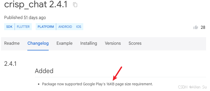 依次排除了 lottie: 3.2.0、cached_network_image: 3.4.1、extended_image: 9.1.0,最终在注释掉第 4 个插件 crisp_chat: 2.2.5 的时候,提示不支持的情况消失。去 crisp_chat 插件中查看更新日志,发现插件在 51天前发布的 2.4.1 版本已经修复了此问题,如下截图所示
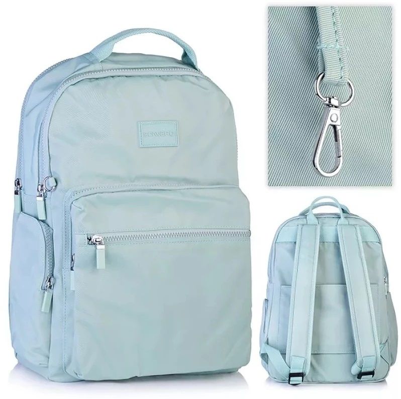 Рюкзак Sanvero школьный для девочек, 41x30x16, 2 отделения на молнии, в т.ч. одно для ноутбука - планшета, 2 фронтальных кармана на молнии, 2 боковых кармана на молниях, материал - уплотненный водоотталкивающий полиэстер 600D, уплотненная спинка, металлические пуллеры под цвет рюкзака, мятный, BP21002
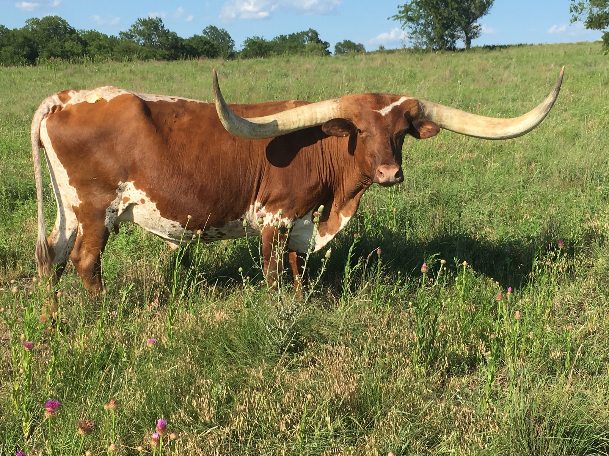 Cars wreck when viewing this cow. She has an amazing set of base on those horns and her conformation is perfect. We are breeding her to Winnie to continue that large frame and horn set. Just a stunning cow in the pasture.
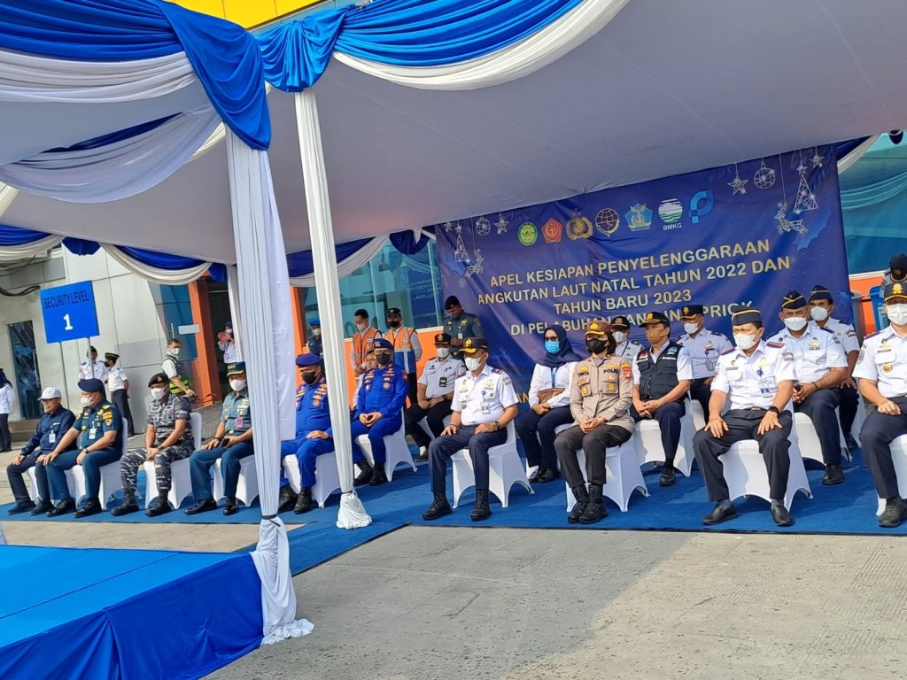 Kementerian Perhubungan Cq Direktorat Jenderal Perhubungan Laut melalui Kantor Syahbandar Utama Tanjung Priok dan Kantor Otoritas Pelabuhan Tanjung Priok melaksanakan Apel Kesiapan Penyelenggaraan Angkutan Laut Nataru 2022/2023 yang digelar di Dermaga Terminal Penumpang Nusantara Pelabuhan Tanjung Priok, hari ini Minggu (18/12/2022).
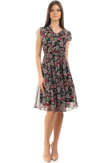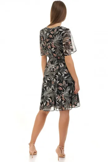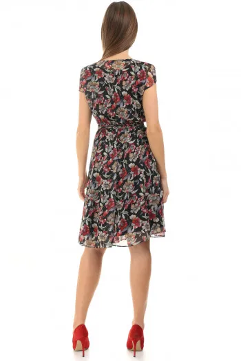 Uska haljina floralnog dezena sa V izrezom i dugim transparentnim rukavima.
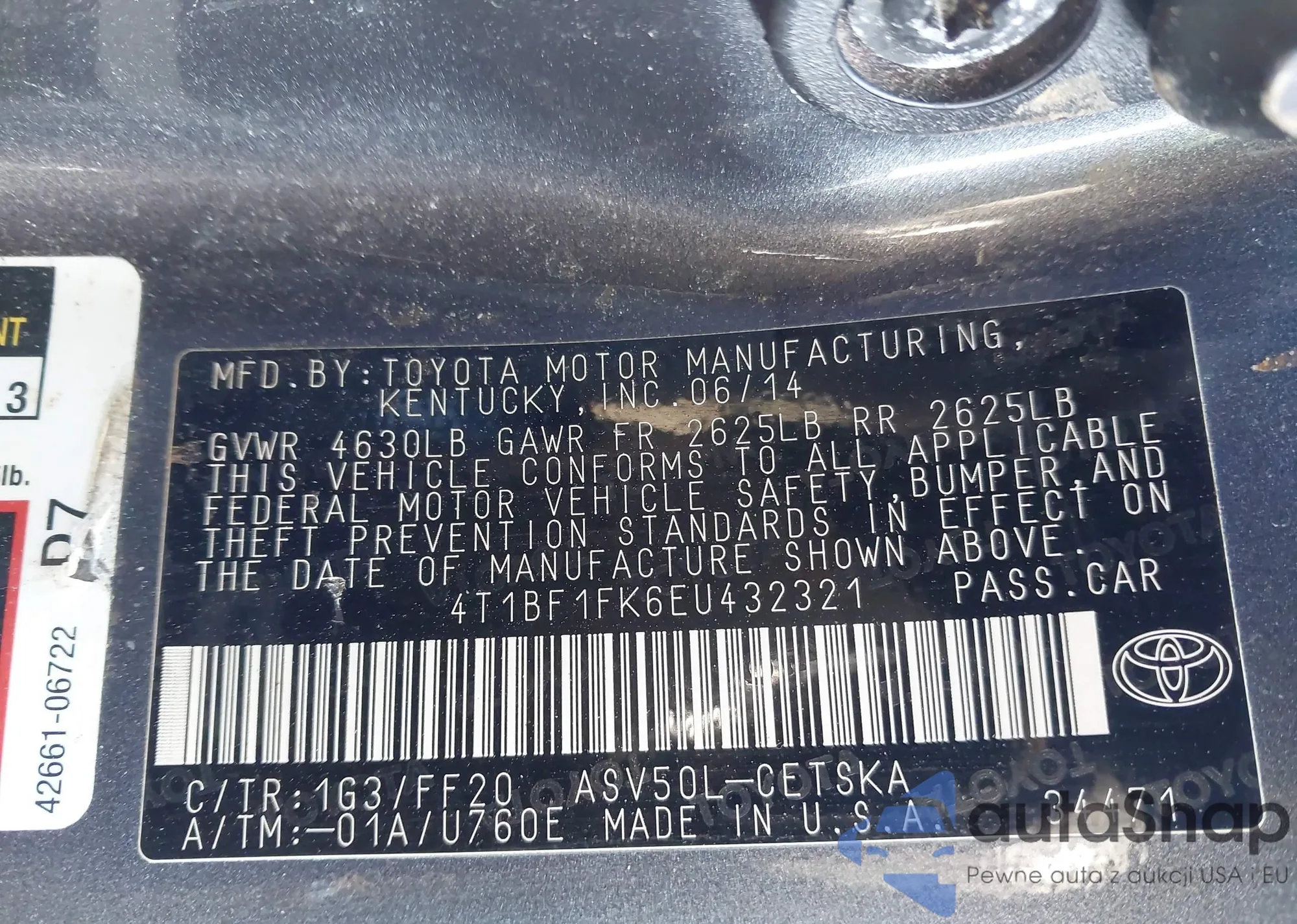 • VIN 4T1BF1FK6EU432321
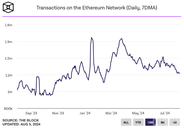 Ethereum網(wǎng)絡(luò)近期經(jīng)歷了一段運營停滯期,其交易量降至五個月來的最低水平。據(jù)統(tǒng)計,7日移動平均線上的交易筆數(shù)穩(wěn)定在每天112萬筆,這是自今年2月以來的最低水平。同時,活躍錢包地址數(shù)量也大幅減少,降至40萬個左右。
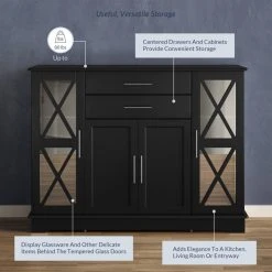 - This storage cabinet is made of superior MDF material and tempered glass, which ensures a strong construction.
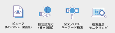 プログラムをインストールすることなく、ブラウザで簡単に文書を閲覧でき、スキャンしたドキュメントもOCRで読み取り、全文検索が可能となります。タグを指定すれば条件別に文書を分類することができます。日本語、英語、中国語、韓国語、ドイツ語、フランス語の6ヶ国語に対応し、マニュアルも各言語別に閲覧でき、多国間のプロジェクトでも円滑に使用することができます。
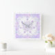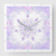 Horloge Carrée flocon de neige violet clair et coeur étincelant
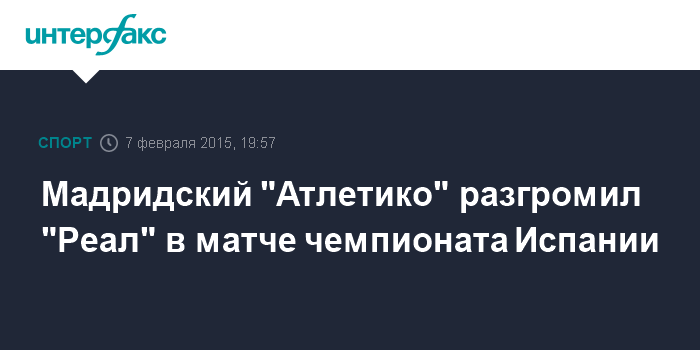 Москва. 7 февраля. INTERFAX.RU - Мадридский футбольный клуб "Атлетико" в 22-м туре чемпионата Испании разгромил "Реал" со счетом 4:0.
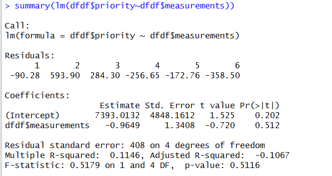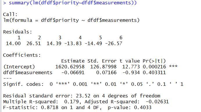 第二行为斜率,后面的Pr没有标显著性符号,是不是意味着measurements的取值对priority影响不显著?
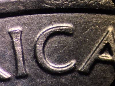 Obverse: Stage A: Die gouge touches the top of the C in AMERICA. Stage B: Same as Stage A.
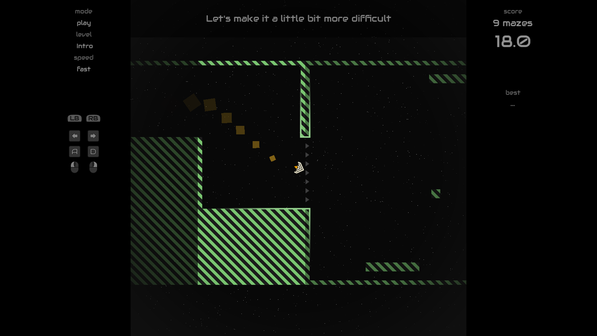 Ship v Maze is about as simple as they come; guide a ship through a maze, and try to last as long as possible until you hit a wall, at which point we hit restart and try again. It is, by nature, incredibly pick up and playable, moreish, and offers bite sized challenges that have suited me perfectly between other, bigger games.
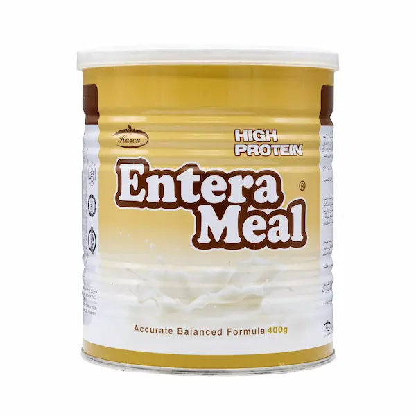 انترامیل پر پروتئین Enterameal High Protein 400gr موزی کارن، حاوی پروتئین غلیظ شده آب پنیر، روغن آفتابگردان، روغن نارگیل، ویتامینها و مواد معدنی، کارنیتین، تئورین و … می باشد که به افراد سالمند، بیماران و … کمک می کند که نیازهای غذایی برای رفع سوء تغذیه آنها برطرف شود. بسیاری از افراد سالمند، بیماران و … نمی توانند به صورت طبیعی از غذاهای روتین روزانه سایر افراد استفاده کنند و به علت مشکلات گوارشی و … تمایل به مصرف غذا ندارند. پودر پر پروتئین انترامیل کمک می کند که تمامی نیازهای غذایی یک فرد سالمند و یا بیمار بزرگسال به غذای روزانه برطرف شود و تمام نیازهای ویتامین و املاح معدنی آنها برطرف شود. پودر انترامیل پر پروتئین کارن با دارا بودن فرمولاسیونی ویژه قادر به تامین نیازهای بدن شما به مواد گوناگون بوده و همچنین به دلیل فیبر بالای خود از بروز اسهال و یبوست نیز پیشگیری می نماید.
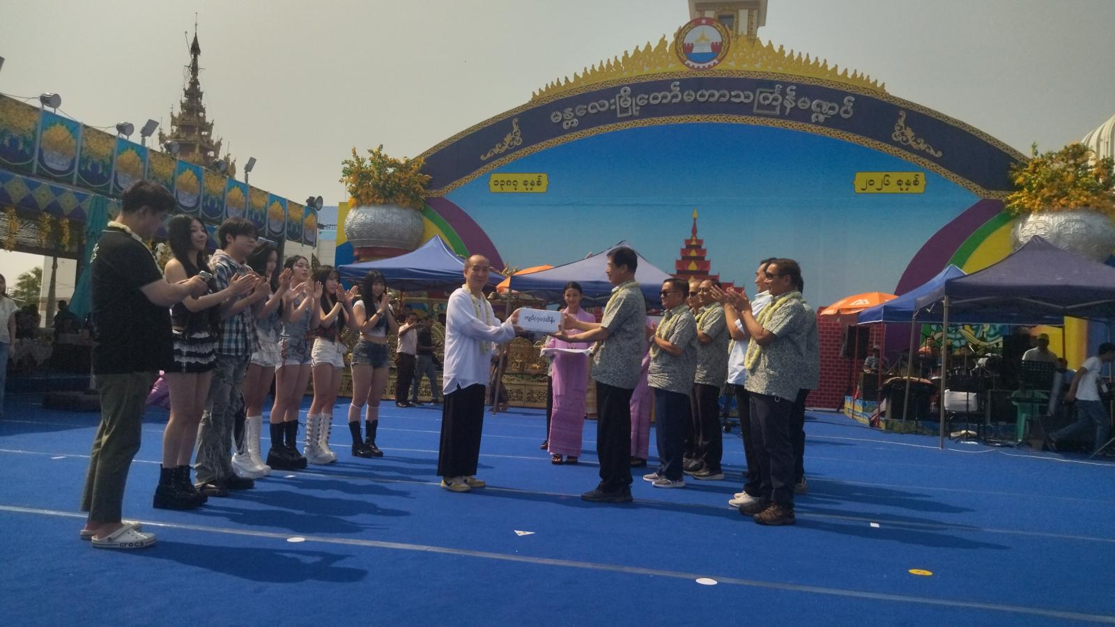 အဆိုပါ မဟာသင်္ကြန်အတက်နေ့တွင် မန္တလေးမြို့တော်မဟာသင်္ကြန်မဏ္ဍပ်၌ ယင်းသီဆိုဖျော်ဖြေ ကပြခဲ့သည့် ကိုးရီးယား k-pop သီဆိုဖျော်ဖြေအကအဖွဲ့ဝင်များအား မန္တလေးတိုင်းဒေသကြီး အစိုးရအဖွဲ့ဝန်ကြီးချုပ် ဦးမျိုးအောင်နှင့် အဖွဲ့ဝင်များက ဂုဏ်ပြုဆုငွေများလည်း ချီးမြှင့်ခဲ့ကြောင်း သိရသည်။
━━━━
## What you have to do
Print only the lines from the opening line of the listing to the line containing "Cars wreck when", inclusive, exactly as they appear and without pictures.

## Task response
 依次排除了 lottie: 3.2.0、cached_network_image: 3.4.1、extended_image: 9.1.0,最终在注释掉第 4 个插件 crisp_chat: 2.2.5 的时候,提示不支持的情况消失。去 crisp_chat 插件中查看更新日志,发现插件在 51天前发布的 2.4.1 版本已经修复了此问题,如下截图所示
 Рюкзак Sanvero школьный для девочек, 41x30x16, 2 отделения на молнии, в т.ч. одно для ноутбука - планшета, 2 фронтальных кармана на молнии, 2 боковых кармана на молниях, материал - уплотненный водоотталкивающий полиэстер 600D, уплотненная спинка, металлические пуллеры под цвет рюкзака, мятный, BP21002
 Cars wreck when viewing this cow. She has an amazing set of base on those horns and her conformation is perfect. We are breeding her to Winnie to continue that large frame and horn set. Just a stunning cow in the pasture.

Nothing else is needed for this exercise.